# hedgehog as cargo = lost baggage?



## silvercat (Oct 24, 2008)

Hey guys, I'm looking for some personal recounts of flying with your hedgehog. I've looked at Air Canada, CanJet (now called something different) & West Jet. For flying with a hedgehog the best option I can find is that they are 'checked baggage.' And the airlines when I called said they are kept at the same cabin temperature/pressure as for passengers. I have a snuggle safe disk & lots of fleece to up the warmth. 

Questions: Has anyone done this? Is it more hassle/danger than worth (I'm traveling from NS, Can to FL, US for a week)? 
Do I 'check' my hedgie when I'm checking my bags or right when boarding? It's been warm here but not 25*C warm, I would hate to look out the window & see her carrier sitting on the tar mat. 
What about lost baggage? I mean if she's checked with the baggage could she not become lost?
& Finally, I know I would need a vet certificate. But has anyone had experience bringing hedgehogs across the boarder & back?


----------



## nikki (Aug 28, 2008)

Hi, I've never flown with a hedgehog before but we have flown with our dog. We flew Air Canada so that's the only airline I can comment on. She was checked in as baggage and we had to change planes once on the way. They took very very good care of her and when we boarded each plane we had the flight attendent check with the baggage crew to make sure she was loaded. They were very happy to check for us and we didn't have any problems. My only concern with you taking your hedgie with you would be flying into the US, I don't know what the requirements are to fly a hedgie in, but I know when I looked into driving to the US with a hedgie from Canada, it was going to require permits from a few different departments. They actually suggested that since I would be in the US for only a few weeks that I was better off to leave her at home, because of all the paperwork involved.


----------



## Nancy (Aug 22, 2008)

If you are only going for a week, I personally would not take her. It would be more hassle than it's worth. 

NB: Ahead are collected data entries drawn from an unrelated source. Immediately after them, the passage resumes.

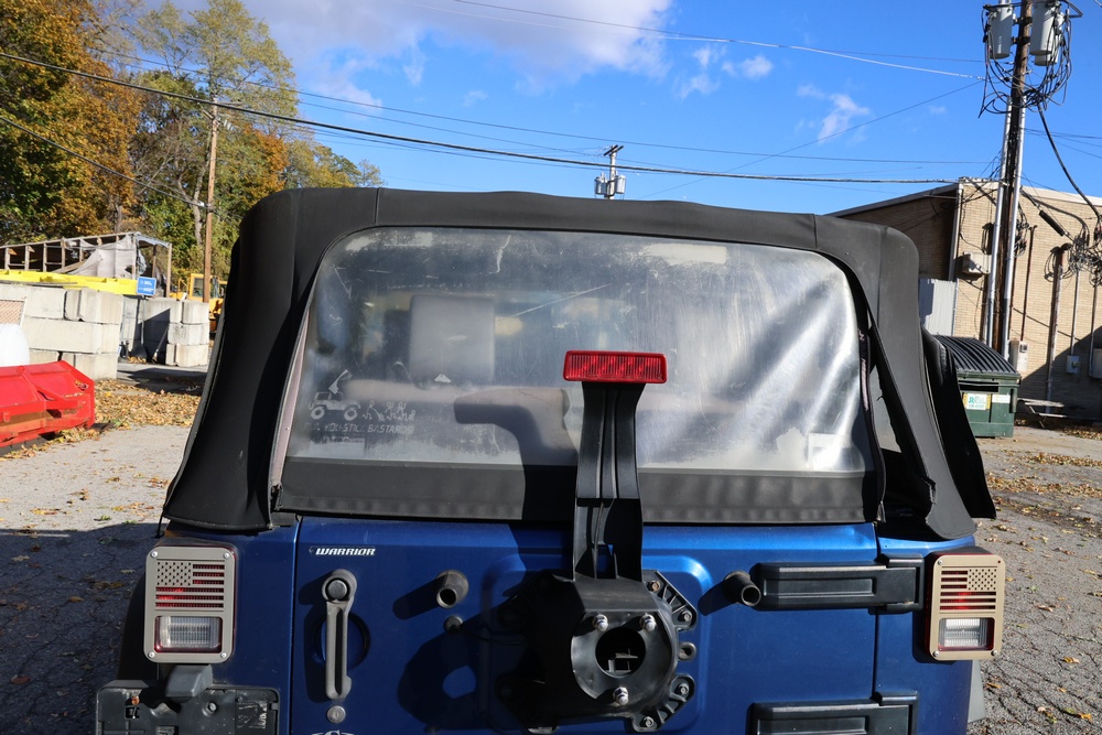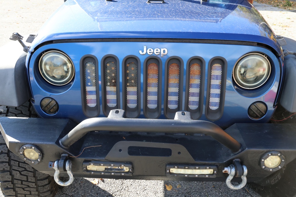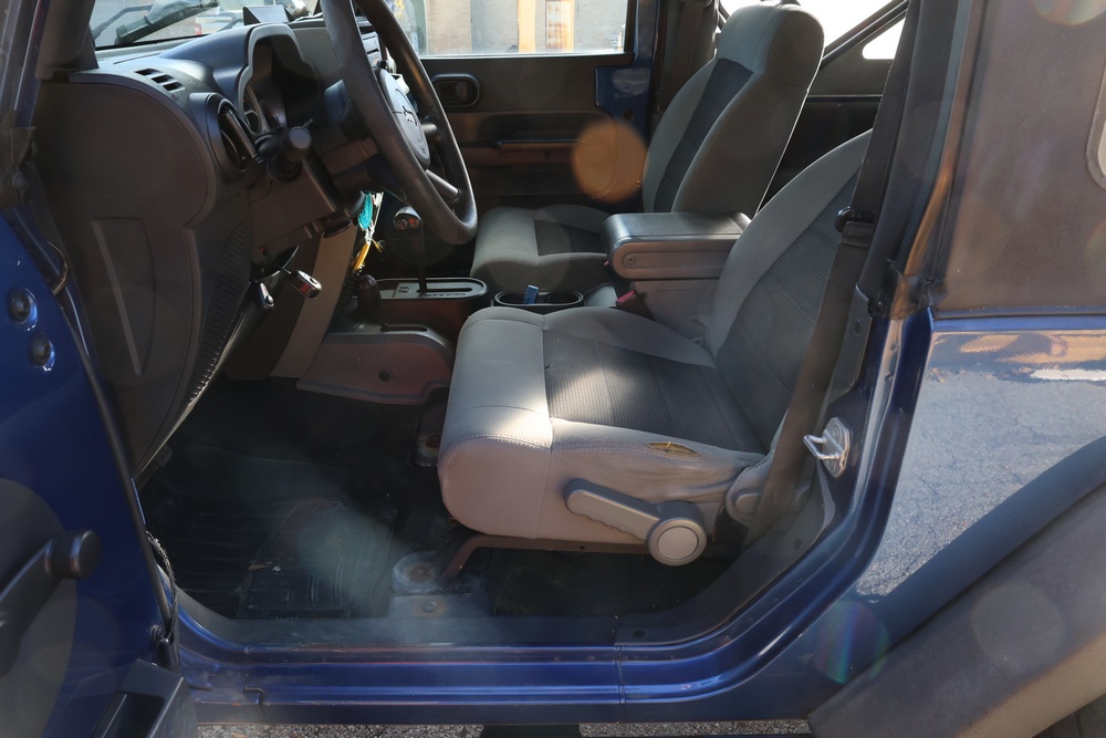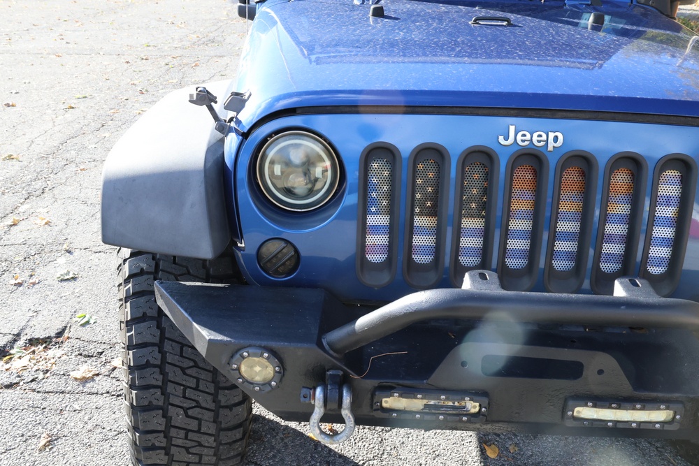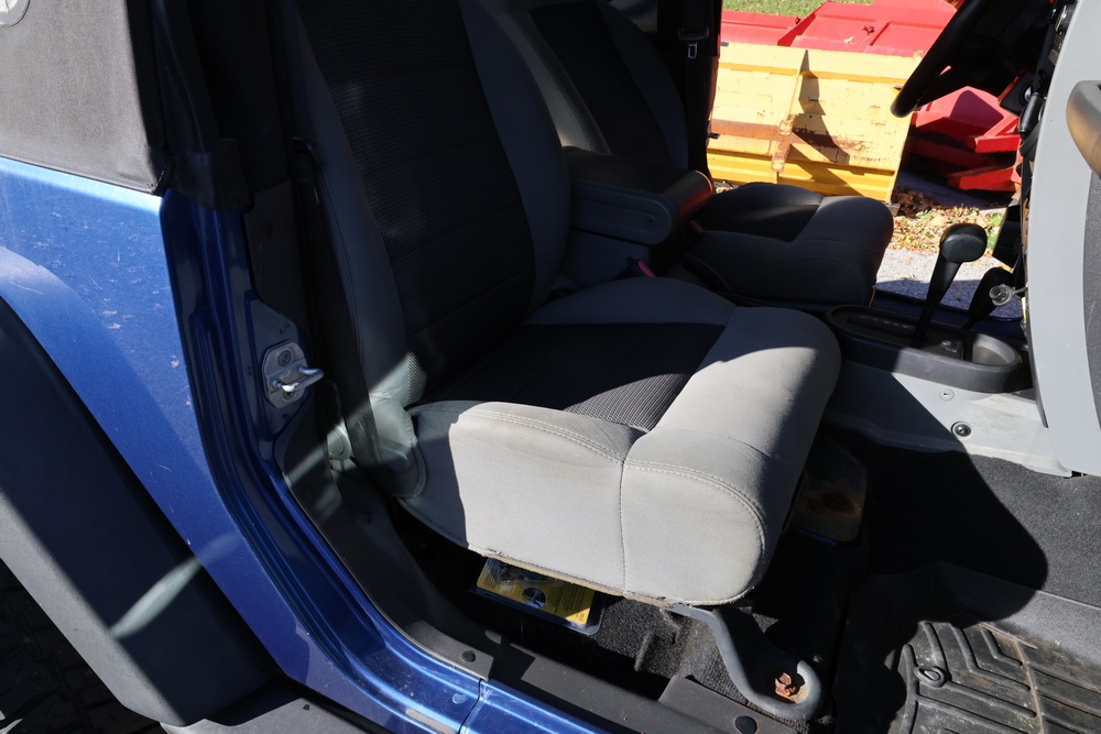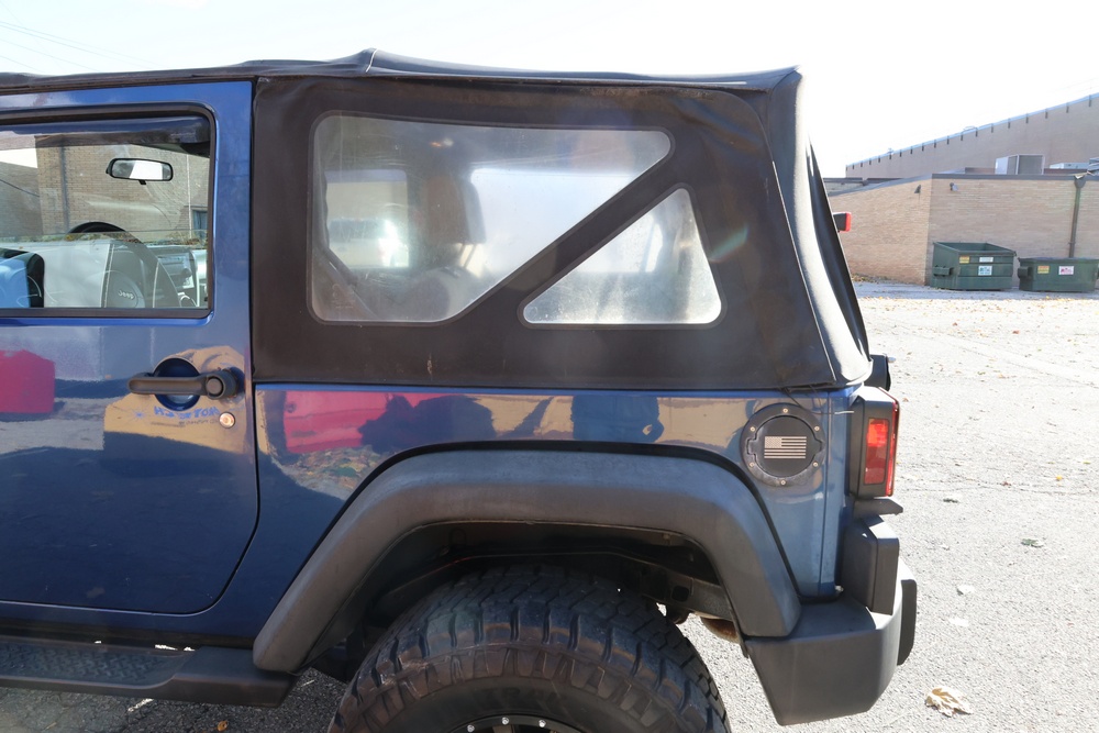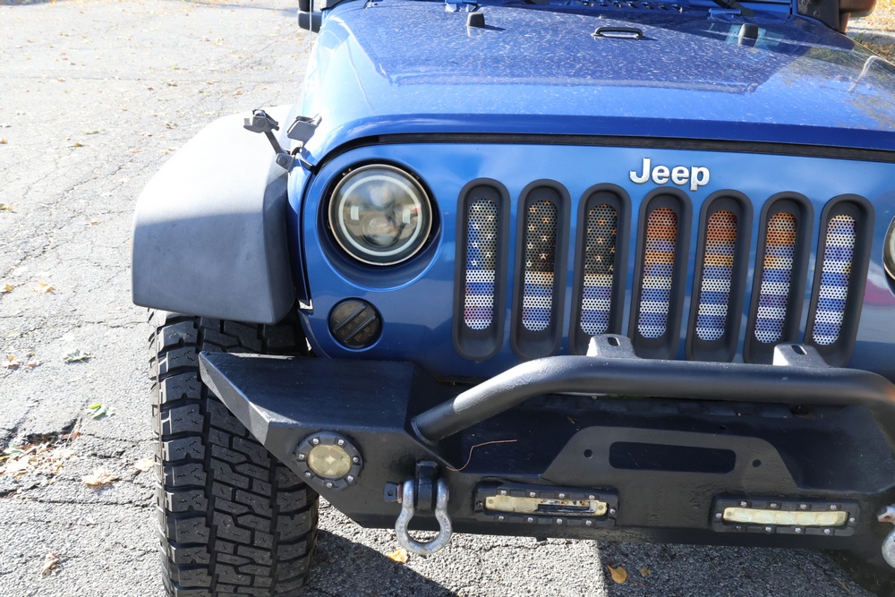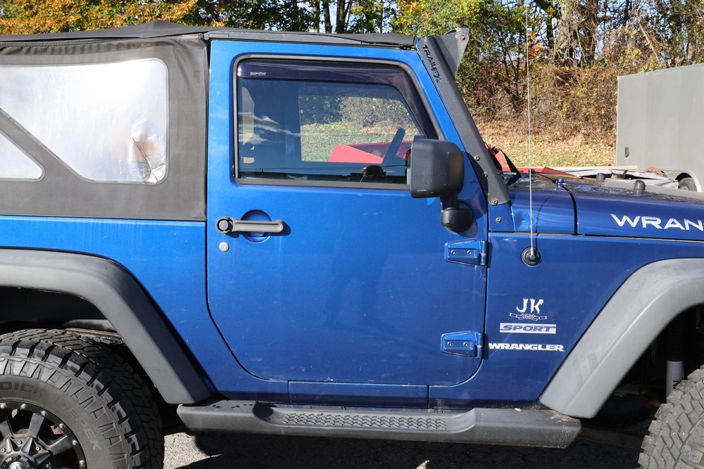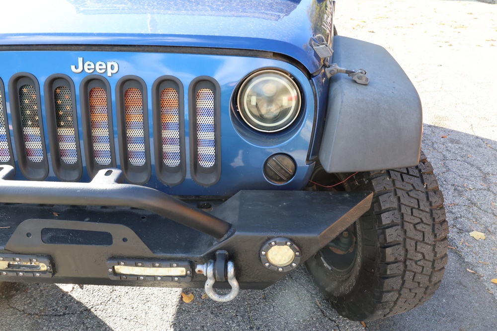 2010 Jeep Wrangler Sport 4x4 two-door SUV with automatic transmission. VIN: 1J4AA2D17AL176344. Odometer reading: 145,502. Exterior: Blue with black aftermarket front bumper, hood latches, soft top, light bar, and large off-road tires mounted on black wheels. Interior: Gray and black front bucket seats, center console, automatic shifter, and standard dashboard with factory gauges. Tire size: P225/75R16. Additional equipment includes light bar, custom front bumper with D-rings and fog lights, side steps, and "Trail Rated" and "JK Sport Wrangler" decals. Title and key available. Seller reports: Runs and drives, motor replaced approx. 500 miles ago.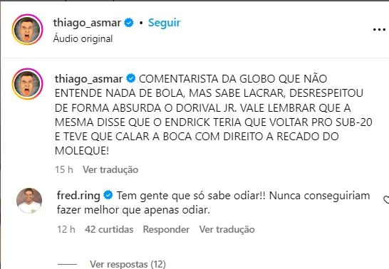 O ex-Globo repudiou a conduta da colega de mídia esportiva. Em comentário na página de Thiago Asmar, o profissional do SBT fez questão de sinalizar que a antiga colega de emissora possui um comportamento de “apenas odiar”.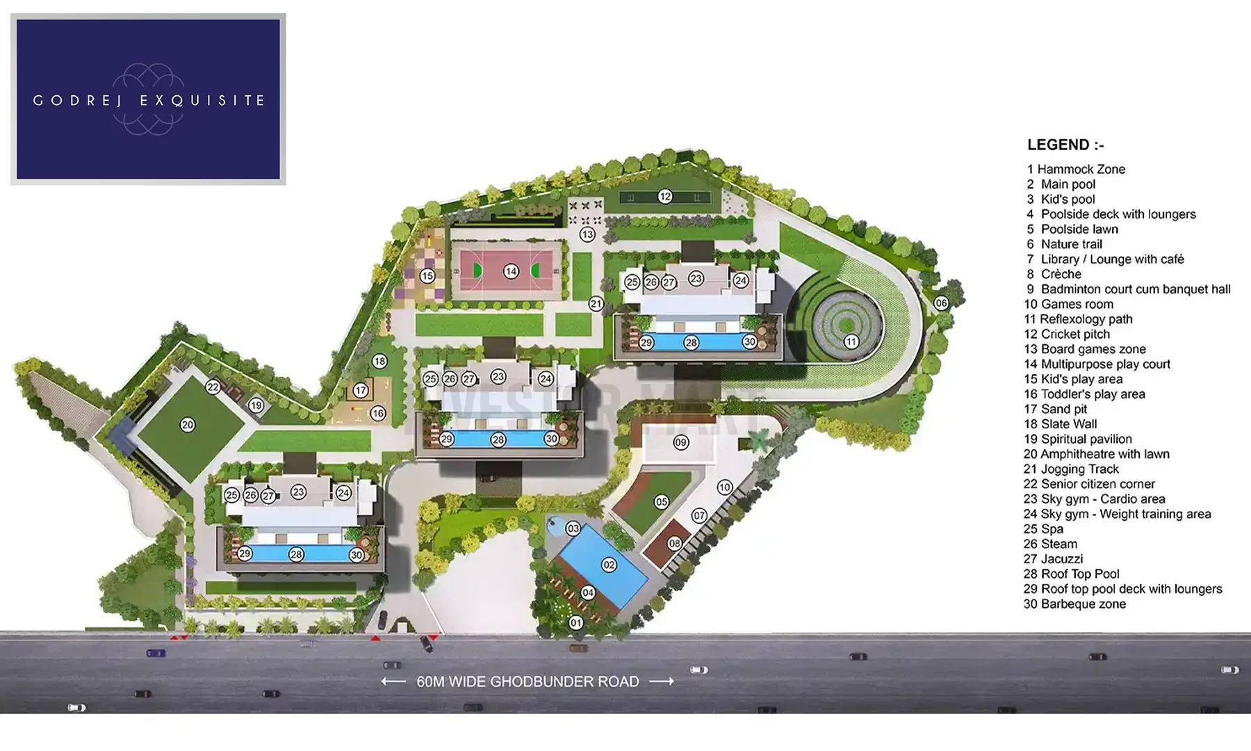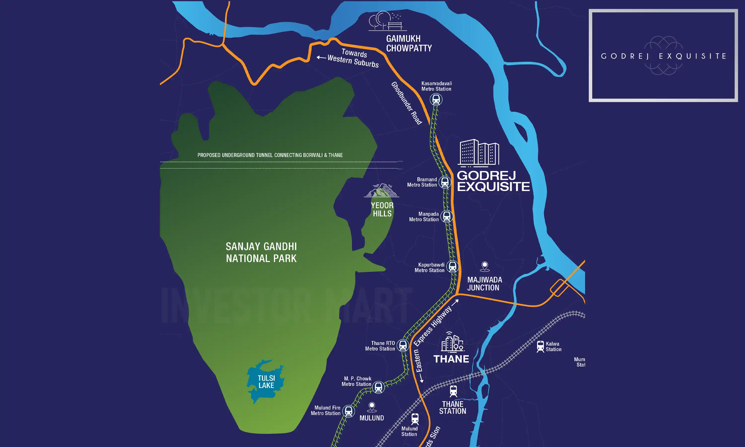 Godrej Exquisite is located at Thane around the main stretch of Ghodbunder Road. It gives the exclusive glimpse of Yeoor Hills and Sanjay Gandhi National Park. Godrej exquisite provides easy access through Mumbai-Thane Railway line and also Mumbai Thane Metro is on the verge of completion. Also, with arterial roads and the expressway connects it with all the better part of the city. It is located at most premium area of Thane near malls, schools and hospitals. It is also near to Thane station and has major transit routes along with proposed corporate campuses. It is also connected with consecutive flyovers along with major infrastructural developments that has made this route a place of gigantic proportions.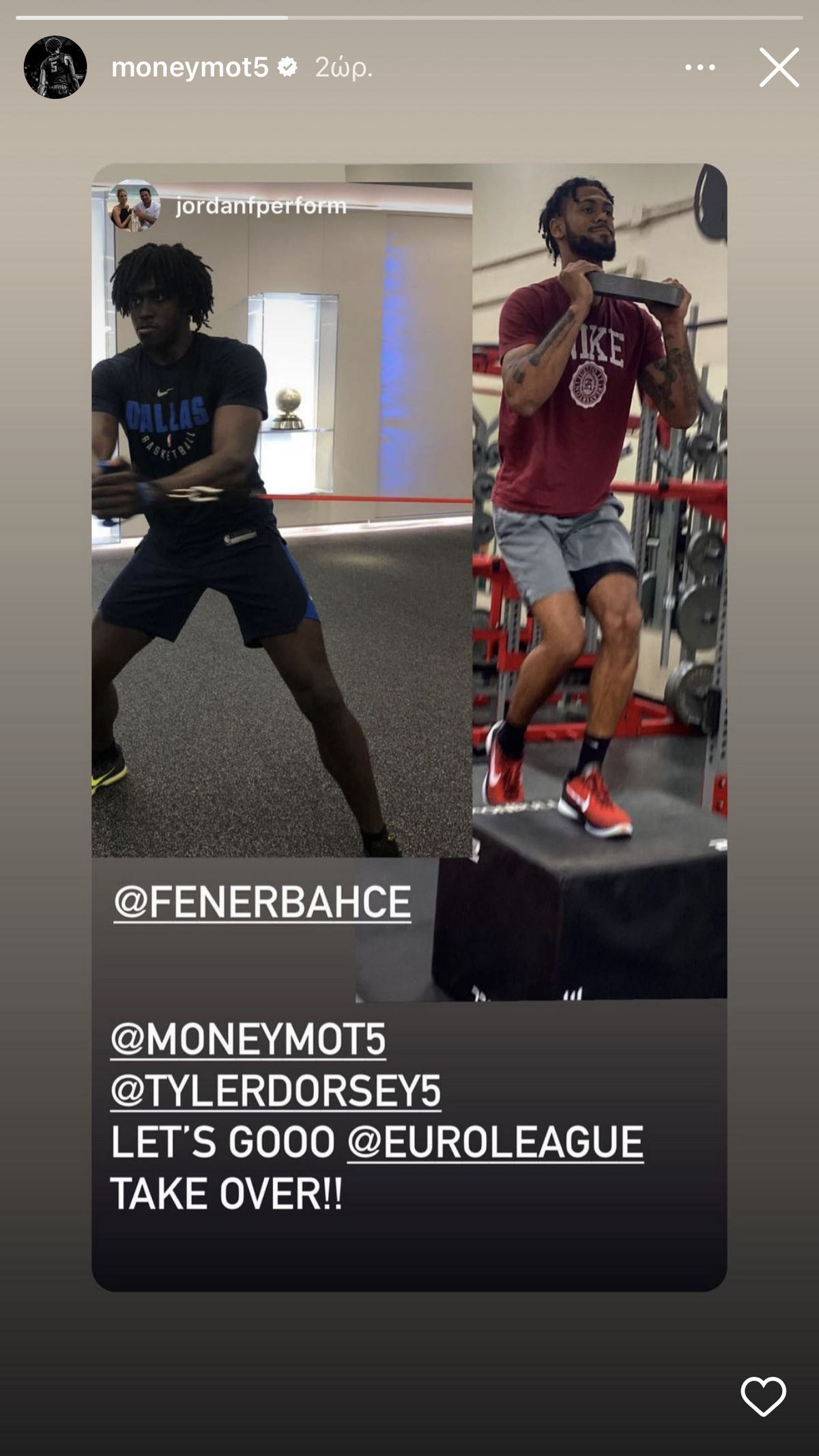 Ο ψηλός της Φενέρμπαχτσε δημοσίευσε στα stories του στο Instagram το post του Τζορνταν Φεραμίσκο – που είναι προσωπικός γυμναστής του Μότλι, αλλά και του Ντόρσεϊ – το οποίο είχε σε φωτογραφία τους δύο παίκτες και ανέφερε: “Φενέρμπαχτσε, Μότλι και Ντόρσεϊ, ας κυριαρχήσουμε στην EuroLeague!!”
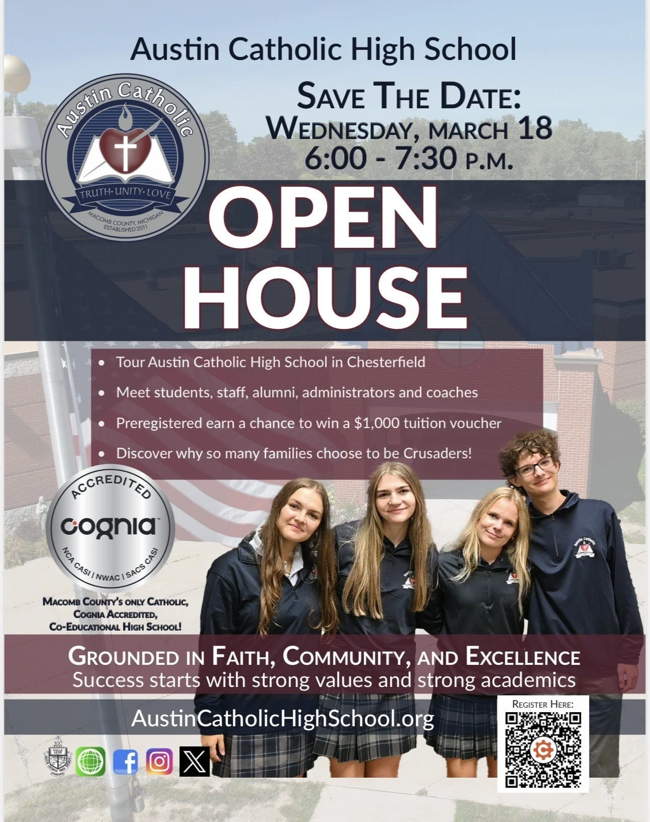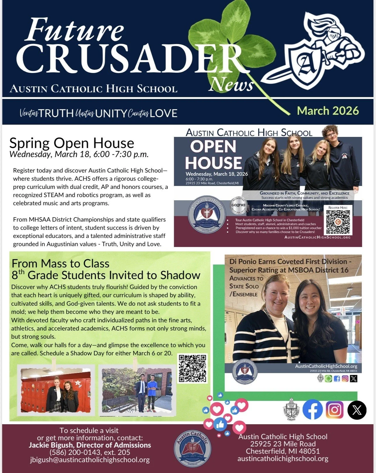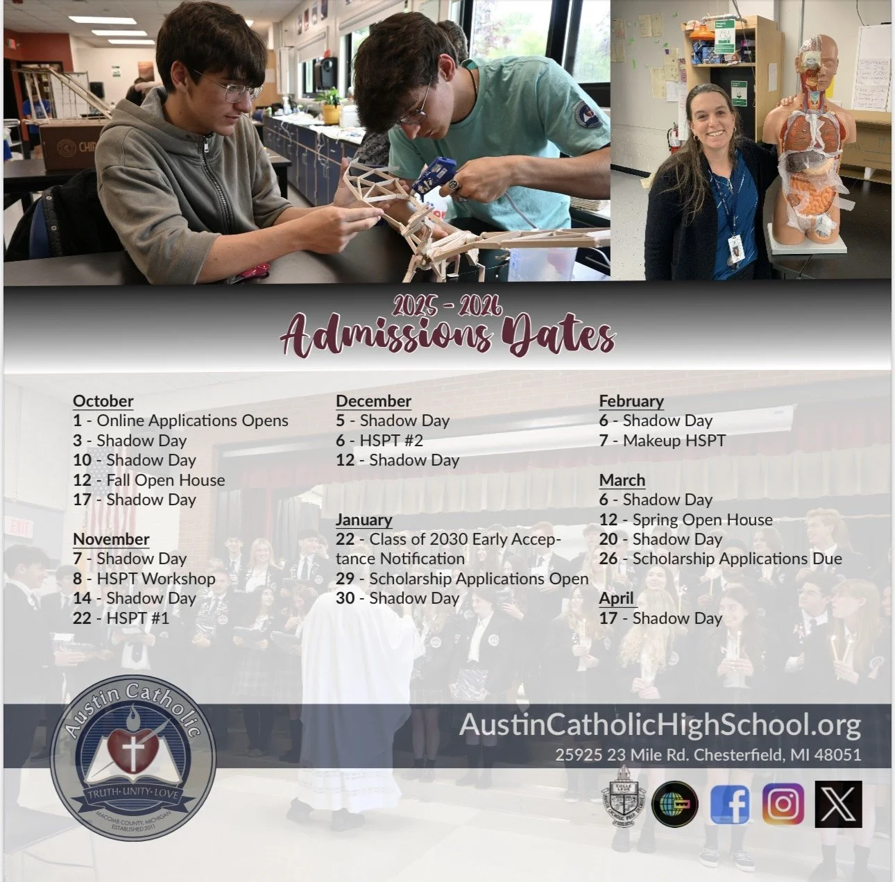 Guided by the Augustinian core values of truth, unity, and love and embedded in a vibrant faith community, Austin Catholic High school is open to young men and women of diverse backgrounds in the tri-county area. Qualified, dynamic and supportive staff unite with students and families to create a safe and supportive environment that embraces individuality and celebrates community. Comprehensive, rigorous curriculum maximizes each students’ potential to inspire thinkers and visionaries for college and career. To foster the development of the whole person, we provide extensive programs for all levels in academics, arts, athletics, and activities to inspire self-worth, and motivate leadership. Looking beyond ourselves, Austin provides spiritual programs that promote a lifelong commitment to loving and grateful service to each other, to society, and to God.

I only have 2 experiences with hedgehogs flying and both were within Canada. My Widget came via Air Canada from BC. A friend of mine picked him up at the airport for me and she was not that impressed. 

I had 3 rehome girls that came with their owner from BC via WestJet. She was very impressed by the way they handled the girls and the care they were given. They flew in mid December and there wasn't a problem at all. 

I have heard of a few problems with hedgies on flights and getting cold and being misdirected. If it's not a direct flight I wouldn't even consider it.


----------



## krbshappy71 (Jul 17, 2009)

Do you really have to put your hedgehog through that? No petsitters in the area? College students training to be a vet tech that pet sit on the side? Friends? 

I would only do this to my hedgehogs if I was moving permanently to the new location. I considered taking them on a road trip once and even avoided that just to avoid the risk of stress.


----------



## silvercat (Oct 24, 2008)

I do have a friend who has offered to sit for her. I wanted to weight the odds on both ends. New pet sitter vrs travel


----------